Supplied data Start Marker

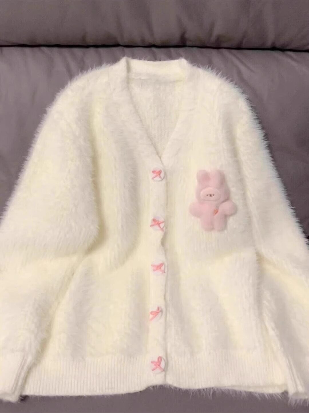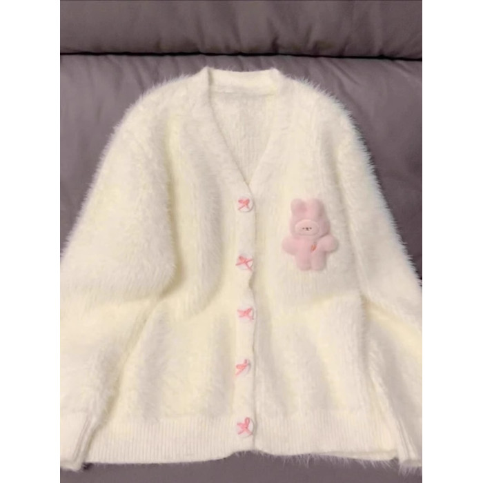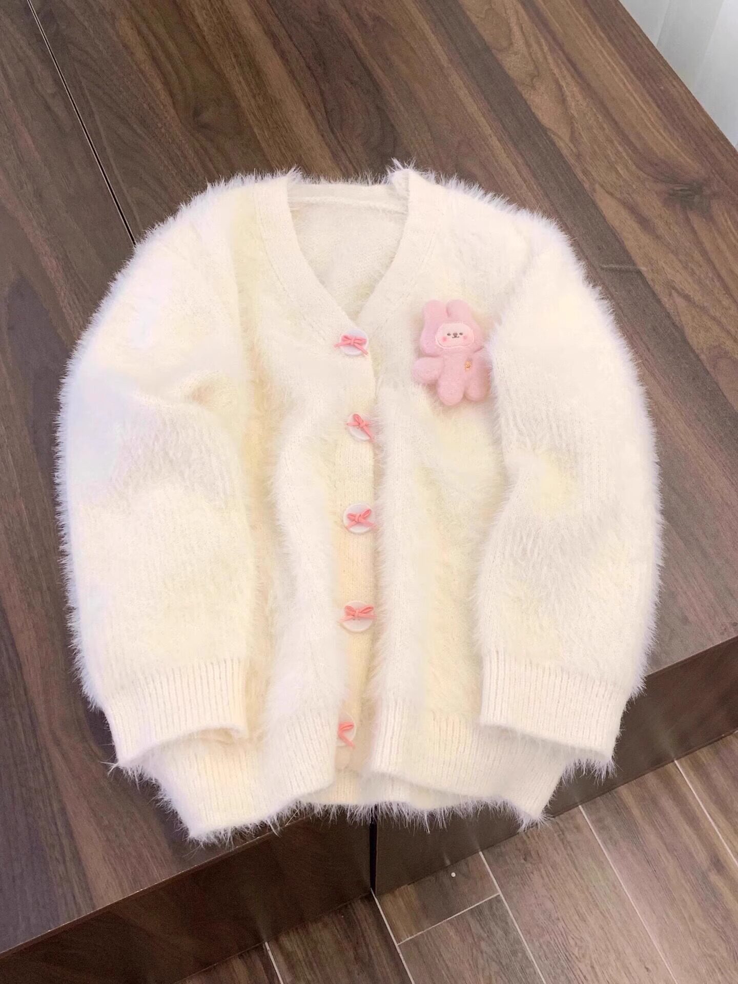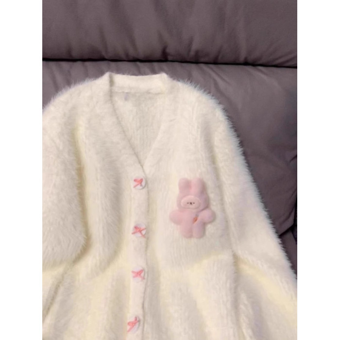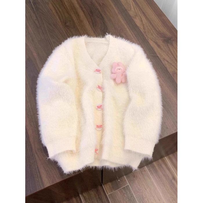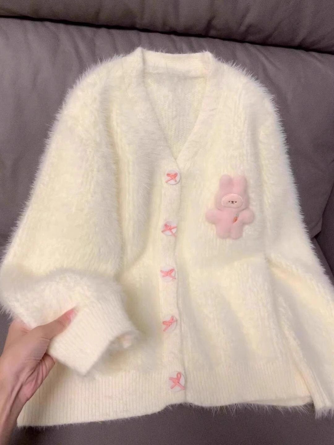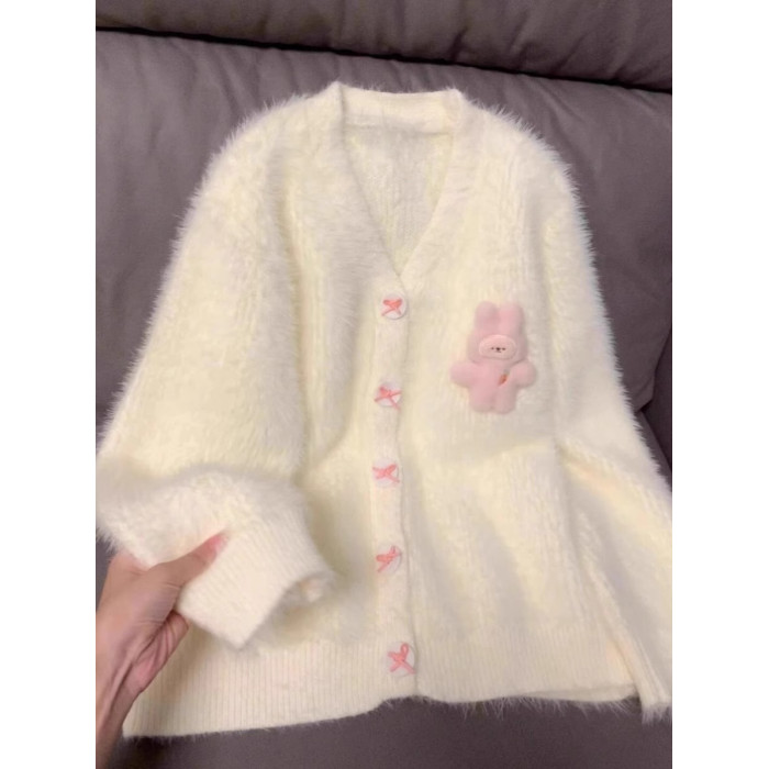 加厚版!慵懶甜美水貂絨毛衣開衫女2025秋裝新款韓版寬松針織上衣
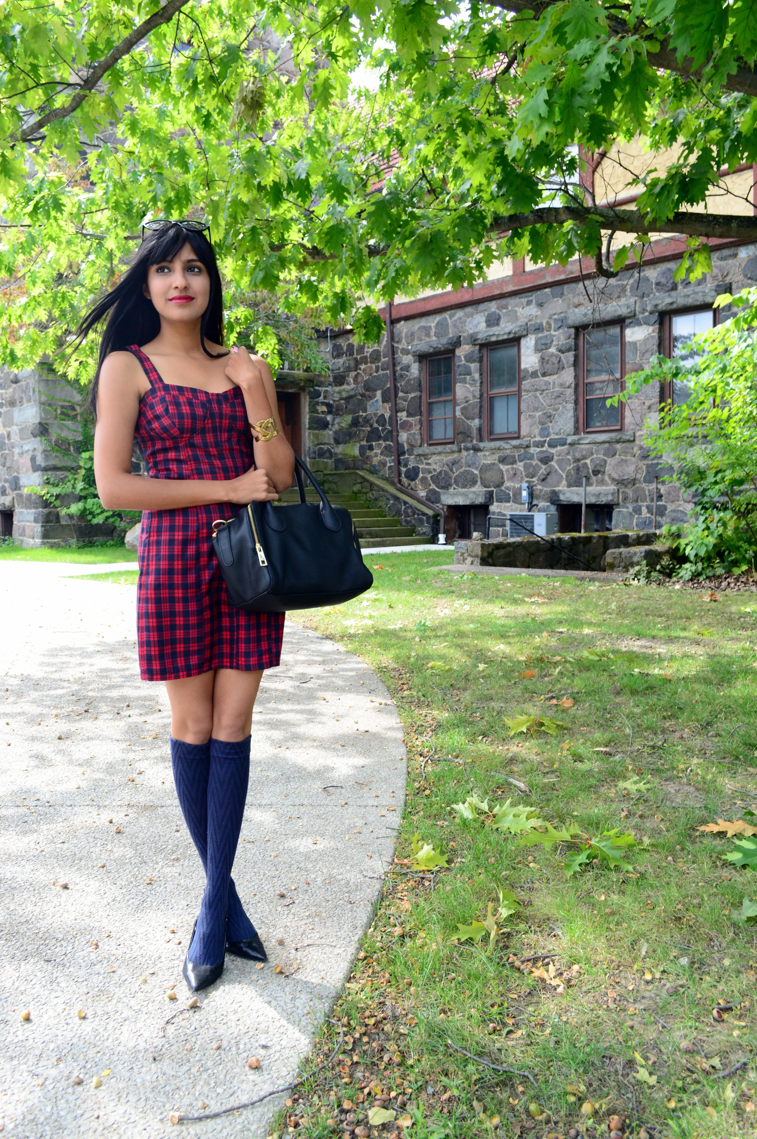 Plaid dress best sale with tights
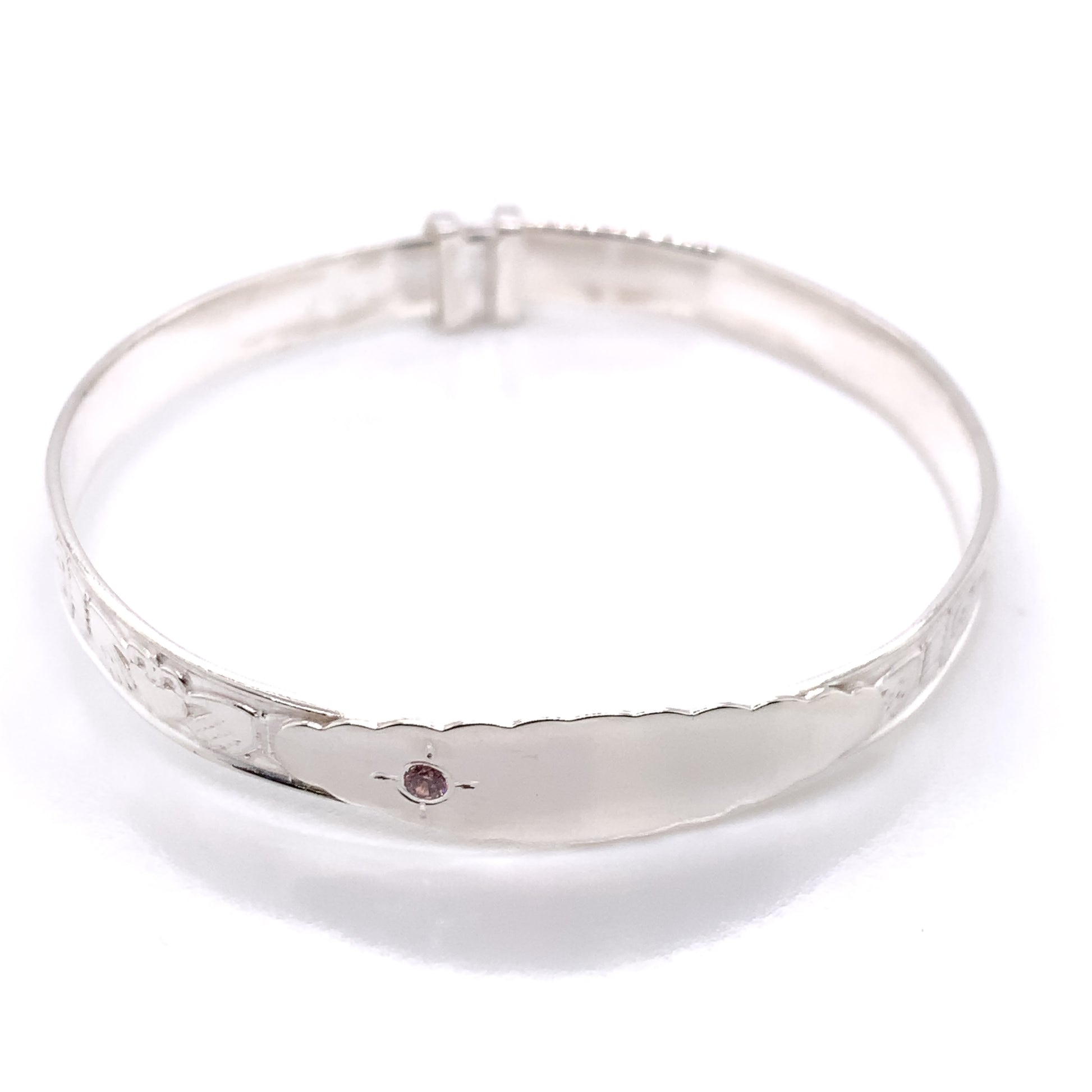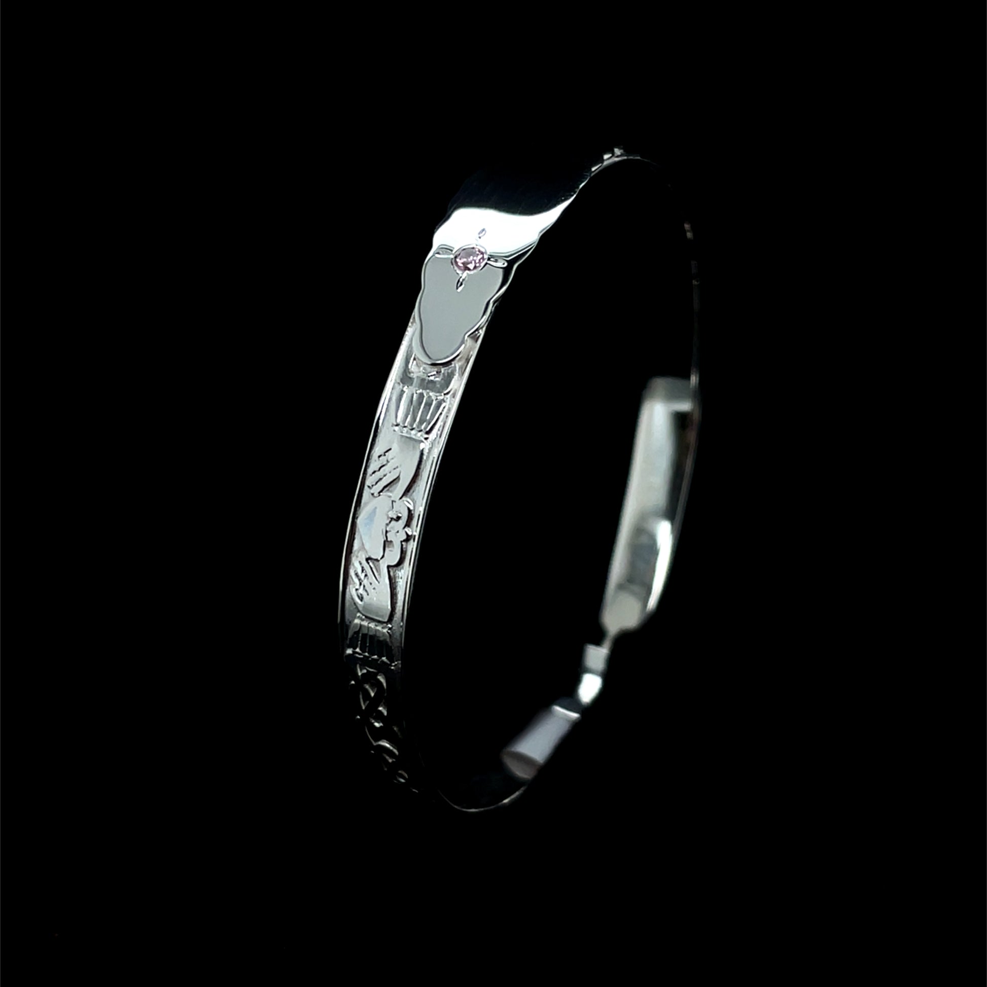 Silver Baby Bangle Claddagh & Celtic Band with Pink CZ SB502
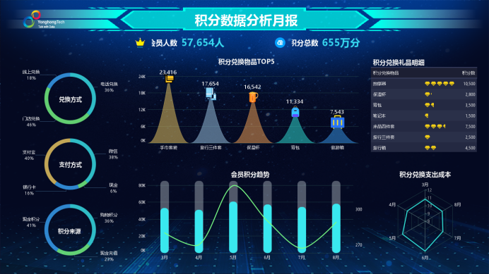 零代码操作与灵活适配性也是可视化报表工具的关键优势。永洪的可视化报表工具支持拖拽式构建与流程可视监控,企业可根据自身规模与业务需求灵活调整,无论是大型企业的复杂数据分析需求,还是中小企业的轻量化应用场景,都能精准适配。此外,可视化报表工具还具备强大的可视化呈现能力,通过丰富的图表类型、炫酷的动态效果与大屏展示功能,让数据成果生动直观,助力企业快速把握核心信息。
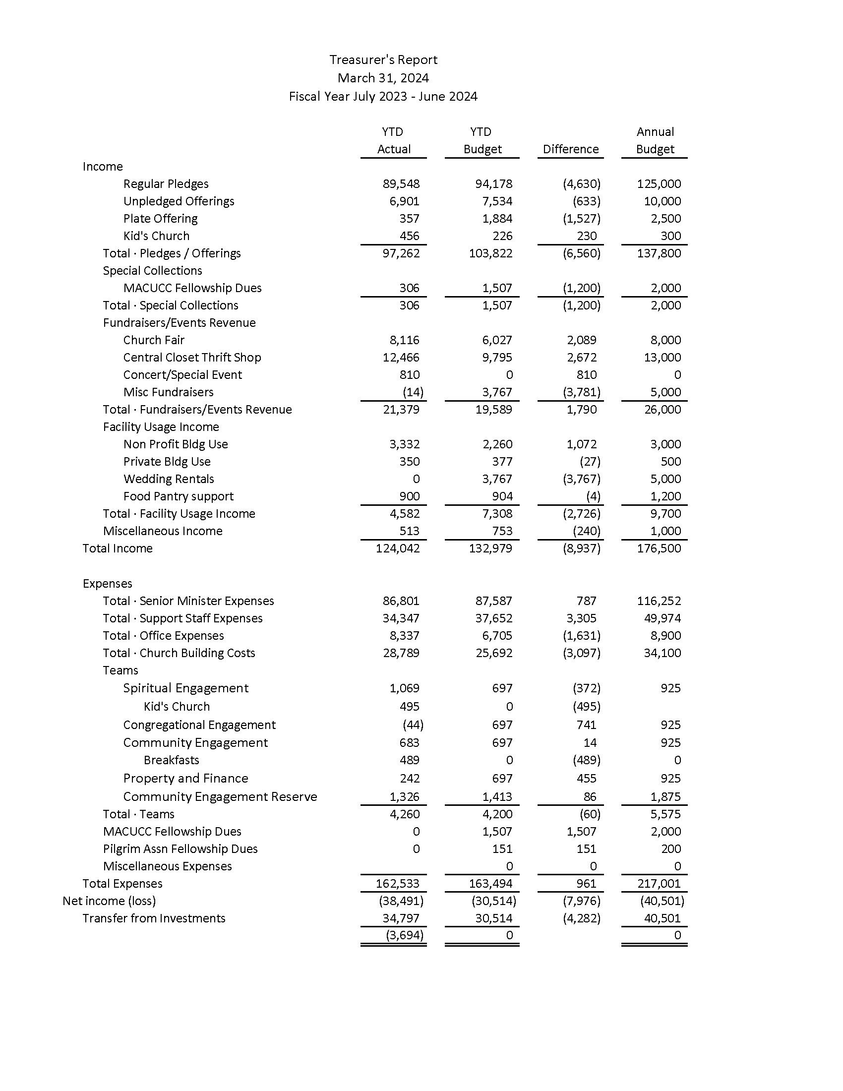We’re continuing on generally the same trajectory, but falling a little more behind each month. We’re running a little behind last year’s giving. He had to take another $10,000 out of investments, which brings it up to $35,000 on the fiscal year. We’re not buying winter oil any more for the season, so that’s good. Regarding the budget, at some point we’ll have to turn it around (passing deficit budgets), or we will run out of money. Quarterly statements went out to donors this week so people will see if they’re behind. Rev. Beth wrote thank yous on all of the statements. The question was asked, why would someone not pledge? Some don’t want to be obligated was one reason given. It was suggested that we might follow up with people who are behind on their pledges.

Supplied data End Marker

-- Work item --
Copy exactly the lines running from the beginning of the listing through the line that has "零代码操作与灵活适配性也是可". Drop the pictures.

-- Result of the task --
 加厚版!慵懶甜美水貂絨毛衣開衫女2025秋裝新款韓版寬松針織上衣
 Plaid dress best sale with tights
 Silver Baby Bangle Claddagh & Celtic Band with Pink CZ SB502
 零代码操作与灵活适配性也是可视化报表工具的关键优势。永洪的可视化报表工具支持拖拽式构建与流程可视监控,企业可根据自身规模与业务需求灵活调整,无论是大型企业的复杂数据分析需求,还是中小企业的轻量化应用场景,都能精准适配。此外,可视化报表工具还具备强大的可视化呈现能力,通过丰富的图表类型、炫酷的动态效果与大屏展示功能,让数据成果生动直观,助力企业快速把握核心信息。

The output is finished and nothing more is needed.